As creative types, we tend to avoid structures that are too formal or guidelines that are too rigid to allow us to set free our creative energies and the energies of the writers and artists who work with us. But as editors, we often are forced to commit to a plan--deadlines must be set, assignments given, design grids followed. We console ourselves with the knowledge that the plan is flexible--stories will fall through, art will not work out, and there's always the next issue, which will allow us to scrap the plan altogether in favor of another, short-lived one.

Besides, who has time to plan anyway? We are too busy doing our jobs to plan how we could do them more efficiently. The mere mention of vision statements and strategic plans sends us scurrying to our keyboard, frantically typing an S.O.S. to any URMAn who will listen. I feel your anguish. I understand your hesitation. When my new vice president announced in September that he would hold a month-long series of retreats, the end result of which would be a strategic plan "a matrix " for the division, I grumbled, scuffed my feet and fired off a plea for help on the listserv.
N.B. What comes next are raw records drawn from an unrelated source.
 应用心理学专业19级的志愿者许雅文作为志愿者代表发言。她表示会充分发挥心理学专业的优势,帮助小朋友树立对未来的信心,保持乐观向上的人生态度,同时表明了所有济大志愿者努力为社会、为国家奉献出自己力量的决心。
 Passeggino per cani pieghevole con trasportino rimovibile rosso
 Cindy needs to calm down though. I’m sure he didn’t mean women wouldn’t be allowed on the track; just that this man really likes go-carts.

I entered reluctantly into the process, putting it off as long as I could. But being an editor, I am sensitive to deadlines. And being a grown-up, I will admit when I am wrong. And I was wrong about this planning business. That's not to say I found the experience enjoyable. But I did find it educational and empowering. By allowing me to write my own strategic plan, my vice president gave me control of my office's destiny. I was able to set realistic goals, offer up expansions and modifications of existing services that I felt were appropriate, and define a measurement system I knew we could follow without the aid of bean counters, or at least without a fleet of them.
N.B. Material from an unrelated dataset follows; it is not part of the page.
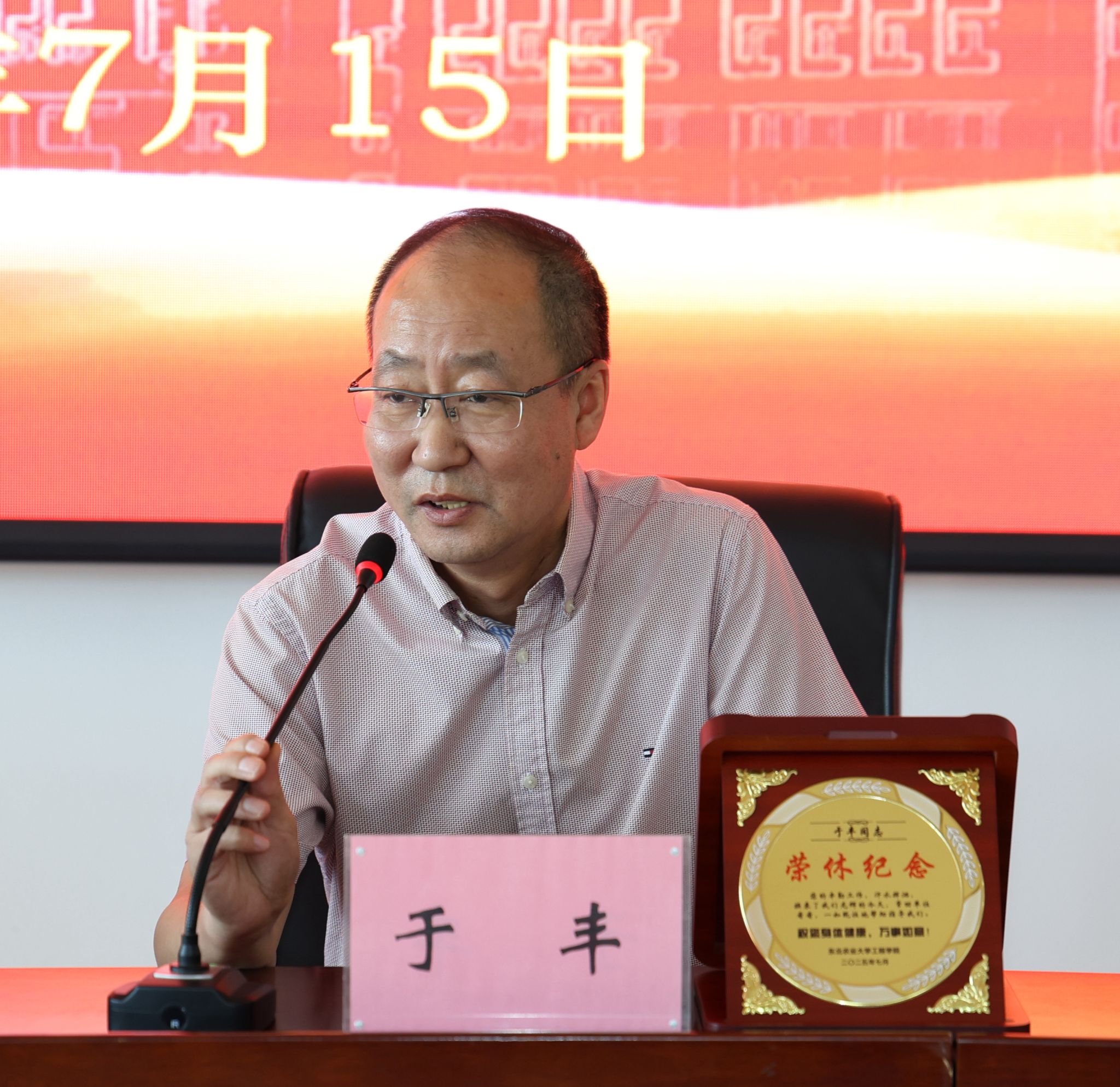窦大昶为两位教师颁发荣休纪念铭牌,孙培灵、于丰分别讲述了自己几十年的从教经历,并表达了对学校、学院的感恩之情以及对未来发展的美好祝福。
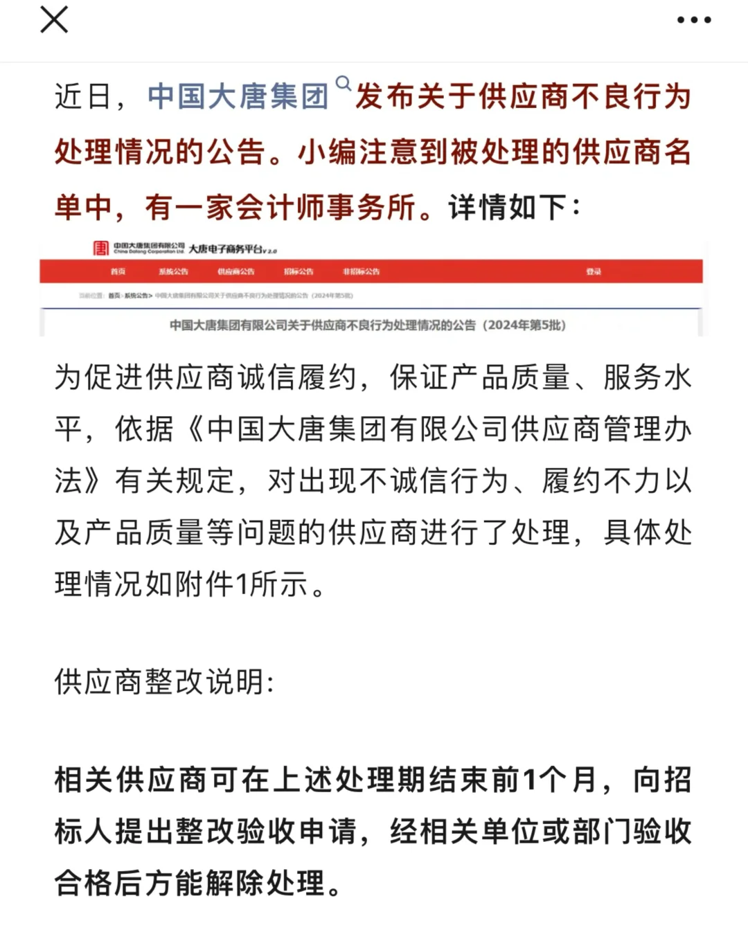 会计所被大唐“拉黑”,弃标代价不小啊。这事儿提醒财务小伙伴们,规矩得守,否则两年无饭吃,行业监管可是动真格的

My advice to you: If you do not have a research communications plan, create one before one is foisted upon you. If you have one not of your liking, redesign it and take it to your leader. Trust me, a communication plan will be easier to follow if it is created by you--a communicator. Having a plan for your magazine and how it fits into your larger communication efforts doesn't force you into a corner. If you devise this plan yourself, it can protect you from divisional leaders who do not fully understand the time it takes to manage a publication, edit a white paper or create a Power Point presentation (or why doing the final two may not be the best use of your time).

Recipe for a plan:

Step 1: What's your research mission?
Chances are likely your vice president has established a set of missions or goals for your division. These may change a little from year to year, but they're probably pretty standard: The research office at OU had a set of lofty, largely unattainable and immeasurable goals for Perspectives when we launched the publication in 1997. Articles should prompt sidewalk conversations "Did you know that they do research at OU?" Stories should inspire mass outbreaks of check-writing and corporate sponsorship for research. Professors at other universities should wait in line just for the chance to join our faculty ranks.
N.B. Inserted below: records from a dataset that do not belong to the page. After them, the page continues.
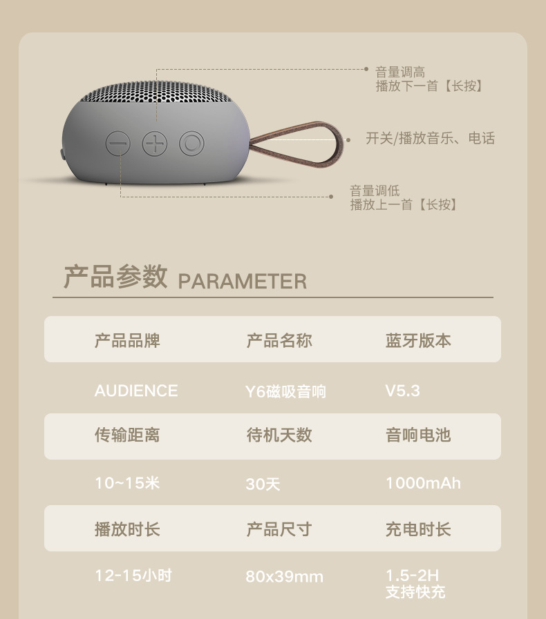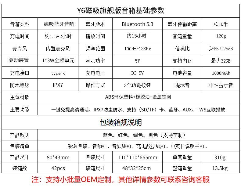 Odeen의 새로운 휴대용 자기 주방 블루투스 스피커 서브우퍼 컴퓨터 데스크탑 무선 스피커
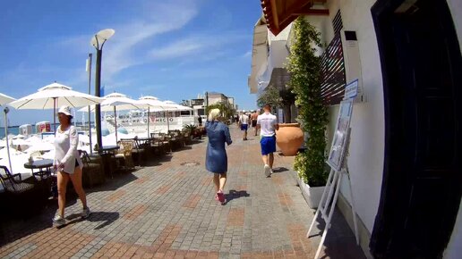 По Приморской набережной Сочи в жаркий летний день: пляжи готовы к работе, сезон прогулок в купальниках открыт
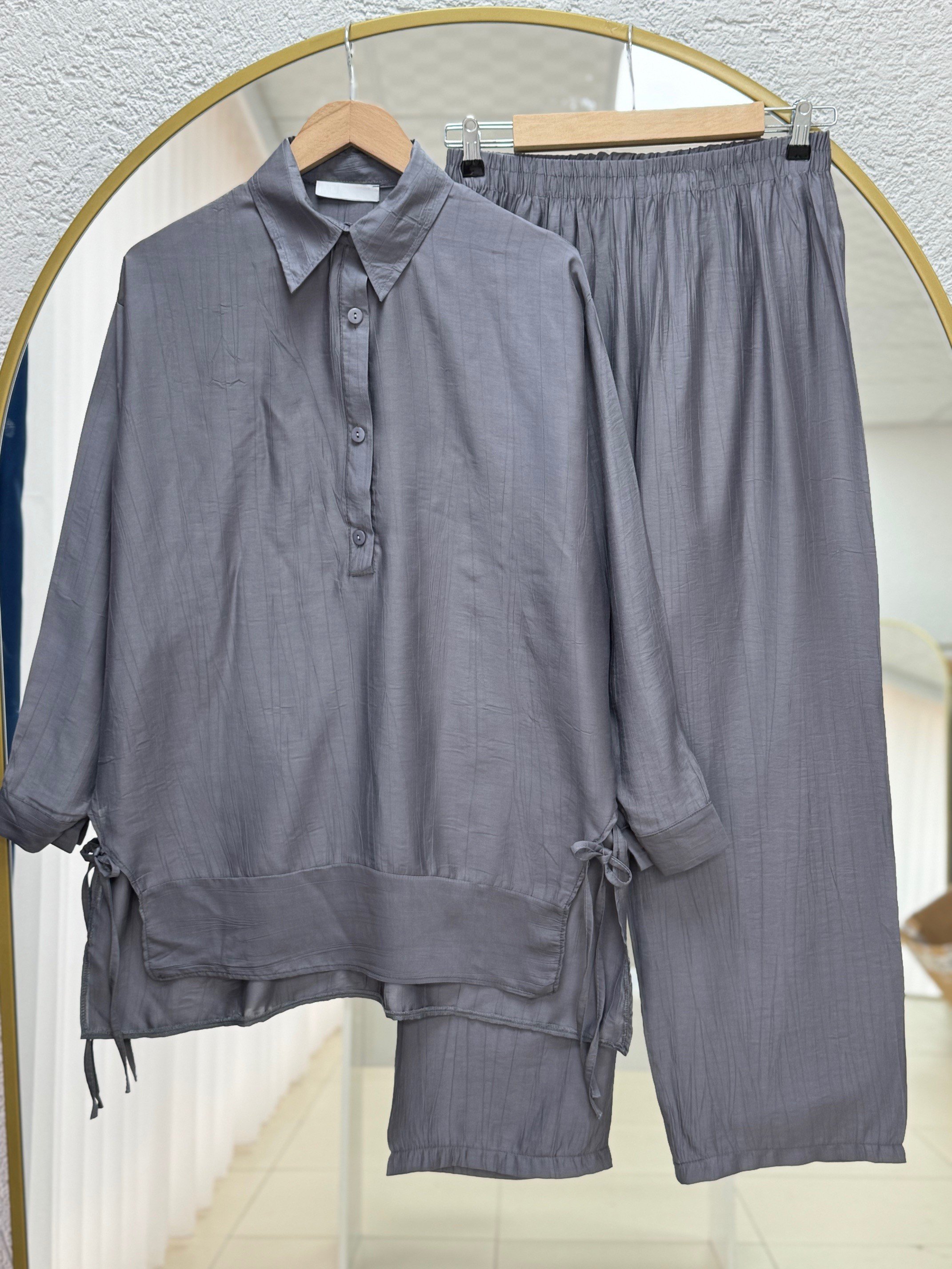 Glarus Yanları İpli Düğmeli Kırışık Çilek Takım-MF458 Antrasit
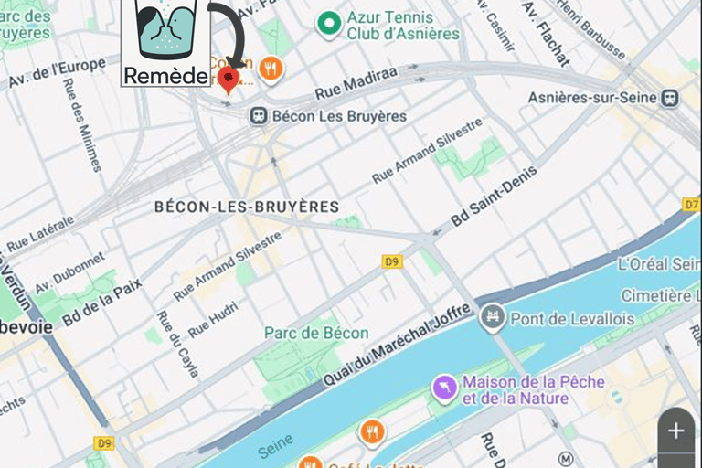 Le cabinet est situé en face de la gare de Bécon les Bruyères.

If these are the goals set out for you, now's the time to tone them down with a little reality. Although missions or goals will vary, most are fairly standard: Enhance the stature of the university's research activities (make more money). Convince state and federal officials that research at your institution is a good investment for tax dollars (make more money). Attract new faculty and students through a dynamic research program (make more money). And a new one I've heard several of you mention lately: Research contributes to the economic development of the state (so give us more money). Find out what your division's missions are and put them on paper. If your division doesn't have missions (mine didn't), offer to help your VP write them (I did).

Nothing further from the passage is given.